Las Vegas Sun

April 24, 2024

Utah turns spigot off for Nevada

Utah lawmakers have, at least for now, pinched the straw that Southern Nevada water officials had hoped to use to syphon billions of gallons of rural underground water to sustain Las Vegas.

The Utah Legislature on Monday unanimously declared that Utah needs to gather all of the facts before signing away rights to ground water in Snake Valley on the Nevada/Utah border.

The legislative resolution, which is nonbinding but has the support of Gov. John Huntsman Jr., culminates more than two years of efforts by so-called Western Desert residents - primarily beef cattle ranchers - to protect their ground water from being drilled, pumped and piped to Las Vegas. The resolution may have the effect of delaying the pipeline project.

Southern Nevada water officials are downplaying the significance of the passage of the resolution. They say it is intended to give direction to Huntsman and should not affect ongoing pipeline negotiations between the Nevada state engineer and the Utah Natural Resources Department.

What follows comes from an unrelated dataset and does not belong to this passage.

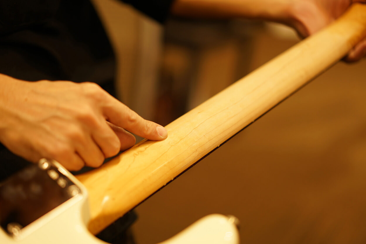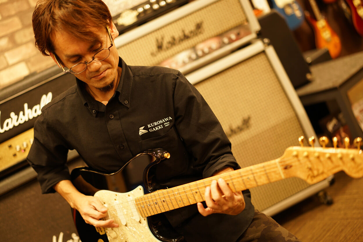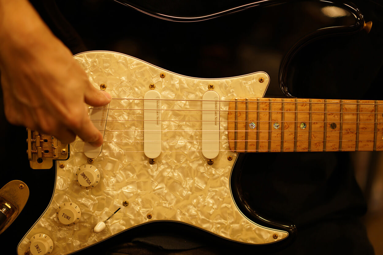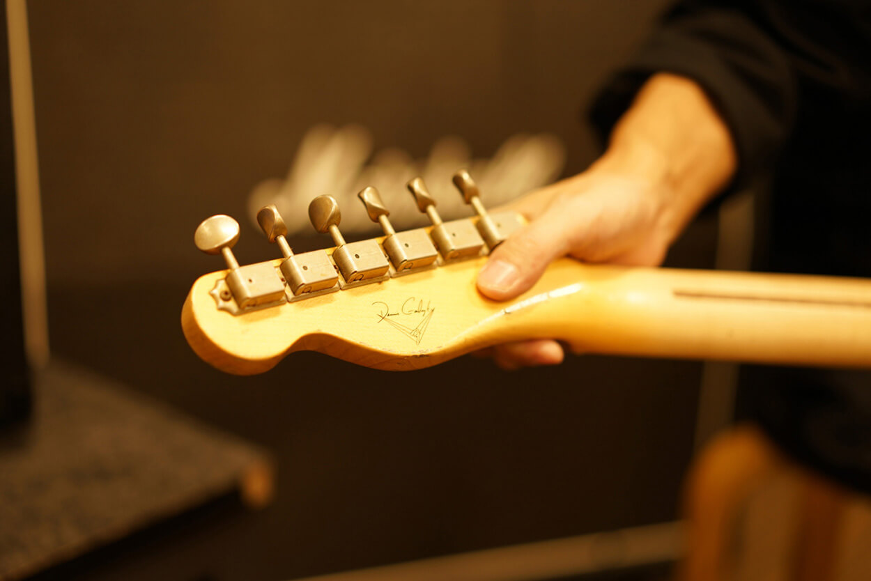 数々のヴィンテージ・ギターのリペア作業やフェンダー社で培った技術、経験を基に、とても完成度の高いストラト・モデルを作り上げています。

At stake is the long-term residential and commercial growth of Las Vegas at the expense of agriculture and natural resources in rural Nevada and Utah.

Under federal law, Utah officials must sign off on the application for 50,000 acre-feet of water annually - more than 16 billion gallons - from Snake Valley before the Southern Nevada Water Authority can build the infrastructure to deliver it to metropolitan Clark County.

The Snake Valley aquifer is the smaller of two components of the Water Authority's plan to build a massive pipeline that also would pump ground water from Spring Valley in eastern Nevada to Las Vegas.

Spring Valley could produce 100,000 acre-feet per year for Las Vegas, officials say.

While Utah has no authority over the larger phase of the project, which is situated entirely in Nevada, its action Monday could throw a wrench into the works. Southern Nevada water officials have said that the Snake Valley spur is vital to building the whole project.

The Utah legislation calls for Huntsman to refrain from approving any water-sharing agreement with Nevada until studies by the Bureau of Land Management and U.S. Geological Survey are finished. That is not expected to happen until next year.

Ranchers and others have feared that an interstate water agreement would be inked before those federal studies were completed.

The resolution does not mandate that Huntsman nix a pact with Nevada before the studies are complete. The governor has told ranchers he would protect Snake Valley water rights.

Launce Rake, spokesman for the Progressive Leadership Alliance of Nevada, a coalition of groups working on similar environmental and economic issues, heralded Monday's vote as significant.

"The Water Authority needs to justify the need to build its pipeline," Rake said. The organization "hopes to see other Utah legislation that will require the Nevada government to answer critically important questions before any scheme to drill and pump the Snake Valley goes forward," he said.

Water Authority spokesman Scott Huntley noted that Southern Nevadans use 18 percent of the state's water yet account for 75 percent of its population. "We use very little water overall, and we are the engine that keeps the entire state going," he said.

The agency does not know how Monday's legislative action will affect the project.

"We certainly hope it does not set it back," he said.

Snake Valley cattle rancher Cecil Garland, an 81-year-old former Las Vegas craps dealer, said Utah's resolution sends a strong message to Nevada's leadership that rural Utah does not have water to spare.

"We've had years of drought and have lost 25 springs in the Snake Valley area," he said. "The unanimous stand by our lawmakers demonstrates that the entire state rejects the concept that Southern Nevada has a right to our water.

"We still have a long battle on our hands," he said.